Tuesday, February 12, 2013

"people treat you so good, why you duwan him...."

i was asked this question countless of times, be it friends or family, and even myself. why, i often wonder. different mood gives me different answer. sometimes, i just want a new experience with somebody i like. else, i am bored with long distance relationship. but most of the time, i think it's because i entered into this relationship with the thinking that being loved is better than to love. love isnt equal i know, but in this case, it's too unequal. the love he has for me is overbearing compared to what i can give. i thought love can be cultured, but then again, love can diminish too, at a faster rate.

the time for me to give my final answer is getting nearer. once decided, i could never turn back, maybe i will never meet a guy like him anymore. logic thinking, i would regret my decision to break up ever. i would never have to worry about family, financial or love security if i go back to him. it is like all nicely arranged. but then again, i wanted to experience something new, something that i want. as i grow old, i would come to regret my decision, or maybe i will be thankful, i cant know for sure. in any way, i hope i can make the best out of the situation.

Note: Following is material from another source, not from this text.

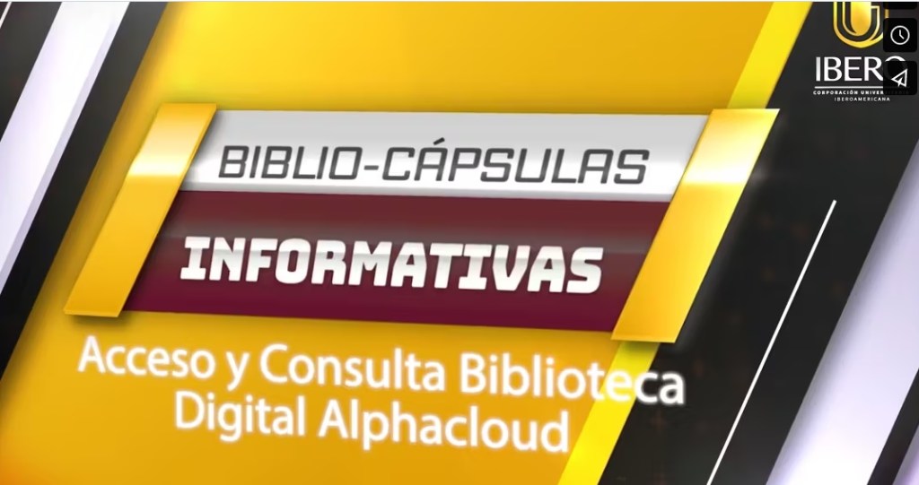 Biblio-cápsulas: vídeo amb un Tutorial_Biblioteca_Acceso y Consulta Biblioteca Digital Alphacloud. De la Biblioteca de la Corporació Universitaria Iberoamericana de Bogotá.

i am one hell of a stubborn girl. 

Saturday, February 2, 2013

i threw away my true love to pursuit a short meaningless fun. some days i thought about it, some days i don't. often, i try not to regret my decision. but when i'm not most aware, the sharp pang of longing struck my heart. why did i kick him out of my heart? he was unaware of my turmoil. it's so unfair to him. i didnt even give him a chance to repair the gap between us. i had walked too far from the boundaries that separate us. i fell into the charms of another man easily. once i wandered off, it's hard to turn back. i decided to let go of the past. looking back, sometimes, i want to go back. but it's not possible. i hurted him too much. i hurt everyone in the process. i put my selfish want ahead of everything else. i want to enjoy the short fun, it's too hard to stop now. but sometimes, i wish i didnt do it, i wish i didnt stray at the first place. day by day gone without you by me, the hole that i had not noticed before gets bigger and bigger. i dont know how you felt, it must had felt thousand times worse. but you'll cope, i know, somehow you will. i wish that if fate puts us together again, you can accept me. but the words you utter to me last, that we will never be together again, brings me back crushing to reality. if only i stay strong enough at the first place.